Once the man struck the shooting pose, Drago said officers would have had to react quickly if he drew an unknown object from his pocket.
“An officer doesn’t have enough time to wait to determine if that’s a gun in his hand,” Drago said. “If a person is pointing something at an officer and he believes it’s a gun and it is a gun and that officer doesn’t have his gun out, that officer will lose that gunfight.”
Police have not named the officers involved, though Wells said both were 21-year veterans and one was Officer Richard Gonsalves.
Gonsalves was demoted last year after allegations that he sexually harassed a lesbian colleague. The City Council had to defend the move to angry citizens who had called for him to be fired.
Christopher Rice-Wilson, associate director of the civil rights group Alliance San Diego, questioned why one officer felt non-lethal force was appropriate while the other did not. Both officers have been put on administrative leave while the incident is investigated, per department policy.
The FBI and the district attorney also are investigating.
El Cajon, a city of 100,000 people about 15 miles northeast of San Diego, has become home for many refugees fleeing Iraq and, more recently, Syria.
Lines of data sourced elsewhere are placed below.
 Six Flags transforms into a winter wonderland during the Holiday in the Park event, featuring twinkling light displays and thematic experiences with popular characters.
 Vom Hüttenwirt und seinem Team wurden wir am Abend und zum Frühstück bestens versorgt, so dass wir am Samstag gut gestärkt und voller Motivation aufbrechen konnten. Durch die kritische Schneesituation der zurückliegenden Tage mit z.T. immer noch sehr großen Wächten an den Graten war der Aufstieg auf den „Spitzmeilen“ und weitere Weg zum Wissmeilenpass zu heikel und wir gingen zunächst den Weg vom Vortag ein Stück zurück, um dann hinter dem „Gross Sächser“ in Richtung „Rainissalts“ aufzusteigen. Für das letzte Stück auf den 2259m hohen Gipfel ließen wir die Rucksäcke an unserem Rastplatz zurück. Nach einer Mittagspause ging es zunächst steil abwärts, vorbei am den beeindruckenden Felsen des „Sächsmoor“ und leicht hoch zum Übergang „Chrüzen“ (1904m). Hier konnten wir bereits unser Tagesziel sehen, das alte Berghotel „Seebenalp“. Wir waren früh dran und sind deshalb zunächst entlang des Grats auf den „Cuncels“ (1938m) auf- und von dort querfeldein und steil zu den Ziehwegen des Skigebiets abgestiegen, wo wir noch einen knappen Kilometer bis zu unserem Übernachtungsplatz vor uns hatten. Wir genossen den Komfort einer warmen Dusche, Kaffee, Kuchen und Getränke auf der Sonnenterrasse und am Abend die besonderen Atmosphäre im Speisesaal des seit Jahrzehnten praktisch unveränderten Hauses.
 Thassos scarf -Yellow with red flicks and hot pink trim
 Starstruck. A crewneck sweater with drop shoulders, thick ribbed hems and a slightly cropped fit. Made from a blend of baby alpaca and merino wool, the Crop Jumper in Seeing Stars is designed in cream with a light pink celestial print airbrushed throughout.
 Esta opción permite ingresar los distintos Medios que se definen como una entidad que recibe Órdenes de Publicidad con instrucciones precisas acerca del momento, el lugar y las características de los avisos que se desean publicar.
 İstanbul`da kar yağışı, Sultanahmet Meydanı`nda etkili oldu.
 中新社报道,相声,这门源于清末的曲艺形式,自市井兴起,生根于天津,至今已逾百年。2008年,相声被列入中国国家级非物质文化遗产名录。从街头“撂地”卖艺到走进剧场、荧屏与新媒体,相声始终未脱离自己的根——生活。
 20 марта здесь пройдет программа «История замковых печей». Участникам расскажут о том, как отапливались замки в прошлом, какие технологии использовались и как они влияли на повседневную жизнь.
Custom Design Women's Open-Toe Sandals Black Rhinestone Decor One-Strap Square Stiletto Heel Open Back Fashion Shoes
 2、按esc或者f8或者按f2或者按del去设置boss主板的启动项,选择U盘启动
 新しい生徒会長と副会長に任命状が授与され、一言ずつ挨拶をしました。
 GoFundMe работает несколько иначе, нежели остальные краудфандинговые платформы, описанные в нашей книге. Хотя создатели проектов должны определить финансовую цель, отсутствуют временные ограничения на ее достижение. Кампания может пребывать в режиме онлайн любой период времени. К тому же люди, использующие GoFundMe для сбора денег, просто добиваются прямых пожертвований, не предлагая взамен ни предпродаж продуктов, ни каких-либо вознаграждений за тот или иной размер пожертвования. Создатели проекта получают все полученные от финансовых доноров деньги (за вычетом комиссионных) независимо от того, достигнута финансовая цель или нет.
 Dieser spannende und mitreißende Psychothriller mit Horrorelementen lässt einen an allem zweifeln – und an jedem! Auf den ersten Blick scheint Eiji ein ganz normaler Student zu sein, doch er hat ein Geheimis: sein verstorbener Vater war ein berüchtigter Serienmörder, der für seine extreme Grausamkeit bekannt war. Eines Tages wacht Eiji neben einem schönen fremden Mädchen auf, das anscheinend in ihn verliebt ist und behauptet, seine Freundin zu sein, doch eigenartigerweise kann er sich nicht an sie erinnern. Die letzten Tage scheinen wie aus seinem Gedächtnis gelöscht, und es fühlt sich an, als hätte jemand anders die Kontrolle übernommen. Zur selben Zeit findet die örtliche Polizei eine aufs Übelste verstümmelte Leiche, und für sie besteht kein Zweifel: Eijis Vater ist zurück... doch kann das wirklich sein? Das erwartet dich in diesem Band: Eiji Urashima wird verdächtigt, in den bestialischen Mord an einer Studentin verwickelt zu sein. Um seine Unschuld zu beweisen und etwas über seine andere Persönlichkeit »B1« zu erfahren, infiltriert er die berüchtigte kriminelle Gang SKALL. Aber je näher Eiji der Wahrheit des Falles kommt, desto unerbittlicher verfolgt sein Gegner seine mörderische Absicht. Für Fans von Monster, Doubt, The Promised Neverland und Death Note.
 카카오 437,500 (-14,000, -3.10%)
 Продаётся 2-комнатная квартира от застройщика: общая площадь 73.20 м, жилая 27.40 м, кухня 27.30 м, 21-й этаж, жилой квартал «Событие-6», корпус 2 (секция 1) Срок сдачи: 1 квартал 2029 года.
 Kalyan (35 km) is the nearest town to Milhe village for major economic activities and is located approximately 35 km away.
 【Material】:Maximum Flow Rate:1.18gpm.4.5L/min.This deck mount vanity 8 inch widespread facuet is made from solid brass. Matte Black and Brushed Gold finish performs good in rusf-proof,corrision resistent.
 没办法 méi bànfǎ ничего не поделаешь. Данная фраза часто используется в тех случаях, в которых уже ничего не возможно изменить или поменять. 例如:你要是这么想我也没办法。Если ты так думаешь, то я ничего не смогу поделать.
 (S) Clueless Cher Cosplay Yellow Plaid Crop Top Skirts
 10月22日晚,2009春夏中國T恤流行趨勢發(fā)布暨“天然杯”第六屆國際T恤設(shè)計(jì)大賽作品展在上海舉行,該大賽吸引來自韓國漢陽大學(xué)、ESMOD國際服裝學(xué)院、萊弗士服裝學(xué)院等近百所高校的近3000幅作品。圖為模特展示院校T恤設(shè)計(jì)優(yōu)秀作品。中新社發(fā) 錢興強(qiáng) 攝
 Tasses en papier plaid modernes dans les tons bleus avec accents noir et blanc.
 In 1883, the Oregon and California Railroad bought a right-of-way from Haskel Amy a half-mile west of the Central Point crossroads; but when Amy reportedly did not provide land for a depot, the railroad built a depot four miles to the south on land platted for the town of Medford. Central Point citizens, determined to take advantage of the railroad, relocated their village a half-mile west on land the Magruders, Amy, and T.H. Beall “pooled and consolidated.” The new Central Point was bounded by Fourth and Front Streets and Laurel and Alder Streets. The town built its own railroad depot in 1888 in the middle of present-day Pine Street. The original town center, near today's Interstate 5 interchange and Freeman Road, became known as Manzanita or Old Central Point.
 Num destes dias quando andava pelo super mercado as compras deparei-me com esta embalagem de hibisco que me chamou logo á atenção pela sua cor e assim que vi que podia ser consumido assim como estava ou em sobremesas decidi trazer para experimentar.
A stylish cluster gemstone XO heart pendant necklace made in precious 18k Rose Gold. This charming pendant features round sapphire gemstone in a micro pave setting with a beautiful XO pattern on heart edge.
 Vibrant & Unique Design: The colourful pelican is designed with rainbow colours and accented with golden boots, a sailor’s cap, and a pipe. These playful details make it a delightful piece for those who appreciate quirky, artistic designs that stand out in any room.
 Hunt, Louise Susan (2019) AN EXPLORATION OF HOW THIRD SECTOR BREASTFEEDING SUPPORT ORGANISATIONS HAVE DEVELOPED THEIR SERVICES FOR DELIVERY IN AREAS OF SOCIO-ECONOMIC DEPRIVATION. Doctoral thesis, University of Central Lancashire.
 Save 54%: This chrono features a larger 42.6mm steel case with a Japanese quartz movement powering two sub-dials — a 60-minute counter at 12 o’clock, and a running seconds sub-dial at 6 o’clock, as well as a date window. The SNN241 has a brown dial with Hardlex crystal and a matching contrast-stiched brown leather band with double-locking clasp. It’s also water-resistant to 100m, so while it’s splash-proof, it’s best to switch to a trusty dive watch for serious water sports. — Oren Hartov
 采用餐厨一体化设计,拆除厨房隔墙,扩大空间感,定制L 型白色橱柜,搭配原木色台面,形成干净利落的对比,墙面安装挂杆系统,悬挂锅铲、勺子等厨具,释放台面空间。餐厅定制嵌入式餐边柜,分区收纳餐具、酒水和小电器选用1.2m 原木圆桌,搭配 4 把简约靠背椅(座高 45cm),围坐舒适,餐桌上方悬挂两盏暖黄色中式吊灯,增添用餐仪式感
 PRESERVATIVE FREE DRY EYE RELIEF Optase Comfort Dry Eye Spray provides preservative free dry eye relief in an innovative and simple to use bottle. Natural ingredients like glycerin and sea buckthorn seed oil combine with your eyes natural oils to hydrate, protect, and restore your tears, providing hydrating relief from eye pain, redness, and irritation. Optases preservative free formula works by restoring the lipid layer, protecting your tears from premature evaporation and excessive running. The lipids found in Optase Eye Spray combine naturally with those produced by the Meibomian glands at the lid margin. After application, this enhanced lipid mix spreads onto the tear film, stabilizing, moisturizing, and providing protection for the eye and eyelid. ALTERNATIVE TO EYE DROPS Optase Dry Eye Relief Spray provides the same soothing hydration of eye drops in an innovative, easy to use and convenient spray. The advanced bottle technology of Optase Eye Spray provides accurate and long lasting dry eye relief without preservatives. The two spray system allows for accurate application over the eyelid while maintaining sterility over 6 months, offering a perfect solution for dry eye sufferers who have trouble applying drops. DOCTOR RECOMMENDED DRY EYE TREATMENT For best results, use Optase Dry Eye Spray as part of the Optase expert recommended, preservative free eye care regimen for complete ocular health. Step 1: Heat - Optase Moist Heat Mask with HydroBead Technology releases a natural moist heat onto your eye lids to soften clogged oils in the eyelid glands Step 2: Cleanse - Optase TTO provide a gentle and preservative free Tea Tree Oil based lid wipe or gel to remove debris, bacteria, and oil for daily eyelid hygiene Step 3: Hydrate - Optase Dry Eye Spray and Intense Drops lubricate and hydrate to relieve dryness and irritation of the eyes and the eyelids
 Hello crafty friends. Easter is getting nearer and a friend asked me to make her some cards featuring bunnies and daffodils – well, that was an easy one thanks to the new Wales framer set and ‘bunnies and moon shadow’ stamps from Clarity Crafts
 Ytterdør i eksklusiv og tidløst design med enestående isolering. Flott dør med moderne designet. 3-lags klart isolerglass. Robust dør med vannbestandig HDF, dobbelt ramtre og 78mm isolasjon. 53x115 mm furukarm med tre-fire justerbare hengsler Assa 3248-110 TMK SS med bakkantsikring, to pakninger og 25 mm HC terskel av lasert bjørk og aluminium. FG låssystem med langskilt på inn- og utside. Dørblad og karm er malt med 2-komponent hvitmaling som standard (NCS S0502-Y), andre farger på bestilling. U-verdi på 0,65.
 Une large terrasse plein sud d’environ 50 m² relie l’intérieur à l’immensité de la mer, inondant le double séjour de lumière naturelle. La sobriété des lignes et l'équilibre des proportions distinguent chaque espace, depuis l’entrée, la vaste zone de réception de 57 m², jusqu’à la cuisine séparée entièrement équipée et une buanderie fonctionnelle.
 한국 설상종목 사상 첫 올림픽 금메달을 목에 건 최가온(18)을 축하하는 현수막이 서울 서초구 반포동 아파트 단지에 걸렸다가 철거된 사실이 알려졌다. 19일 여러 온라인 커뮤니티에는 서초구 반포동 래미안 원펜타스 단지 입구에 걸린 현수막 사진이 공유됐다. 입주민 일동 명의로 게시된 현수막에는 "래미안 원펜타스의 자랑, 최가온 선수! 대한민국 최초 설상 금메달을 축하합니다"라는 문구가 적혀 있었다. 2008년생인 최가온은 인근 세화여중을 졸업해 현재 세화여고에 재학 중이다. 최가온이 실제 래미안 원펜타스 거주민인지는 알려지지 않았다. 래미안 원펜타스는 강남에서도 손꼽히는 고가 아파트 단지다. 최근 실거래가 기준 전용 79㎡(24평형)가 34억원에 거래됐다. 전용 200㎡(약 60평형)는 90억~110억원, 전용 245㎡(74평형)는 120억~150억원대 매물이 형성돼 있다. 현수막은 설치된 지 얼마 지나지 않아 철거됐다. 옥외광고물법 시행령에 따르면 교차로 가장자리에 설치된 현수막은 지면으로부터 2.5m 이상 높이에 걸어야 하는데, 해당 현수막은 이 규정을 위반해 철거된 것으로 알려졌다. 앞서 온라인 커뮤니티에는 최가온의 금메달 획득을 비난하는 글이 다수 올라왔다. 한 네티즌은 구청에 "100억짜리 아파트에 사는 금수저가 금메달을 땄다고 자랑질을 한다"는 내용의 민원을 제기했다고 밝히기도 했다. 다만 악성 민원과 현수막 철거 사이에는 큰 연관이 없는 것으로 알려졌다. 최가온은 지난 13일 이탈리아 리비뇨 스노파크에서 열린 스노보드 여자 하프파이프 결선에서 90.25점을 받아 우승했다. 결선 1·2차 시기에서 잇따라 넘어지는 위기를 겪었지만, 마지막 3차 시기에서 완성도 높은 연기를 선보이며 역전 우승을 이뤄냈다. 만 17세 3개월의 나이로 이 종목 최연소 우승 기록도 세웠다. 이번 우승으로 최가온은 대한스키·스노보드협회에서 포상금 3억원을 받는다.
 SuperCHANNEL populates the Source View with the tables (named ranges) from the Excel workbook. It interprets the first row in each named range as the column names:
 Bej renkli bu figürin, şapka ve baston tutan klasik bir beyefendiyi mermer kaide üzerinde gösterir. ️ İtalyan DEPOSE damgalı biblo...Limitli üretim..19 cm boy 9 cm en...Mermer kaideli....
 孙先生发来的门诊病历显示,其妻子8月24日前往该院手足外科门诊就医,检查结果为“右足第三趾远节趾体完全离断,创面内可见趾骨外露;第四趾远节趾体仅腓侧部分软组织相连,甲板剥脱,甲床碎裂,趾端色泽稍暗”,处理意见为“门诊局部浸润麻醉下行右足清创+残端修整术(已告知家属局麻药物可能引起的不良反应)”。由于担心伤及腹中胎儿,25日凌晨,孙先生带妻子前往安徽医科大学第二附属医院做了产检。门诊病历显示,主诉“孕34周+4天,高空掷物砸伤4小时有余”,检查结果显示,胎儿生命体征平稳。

The population is 69 percent white and 6 percent black, according to 2010 census figures.
Because of the diversity and new arrivals, Wells said the police force is more culturally aware than others in the region.
Agnes Hassan, originally from Sudan, described Olango as an educated man with mental problems. She said she spent time in a refugee camp with Olango and that both of them suffered getting to the United States.
“If somebody has mental problem, how can you not deal with him with mental problem?” she said, wiping away tears and placing her hand on her chest. “This is not right. My heart has just broken.”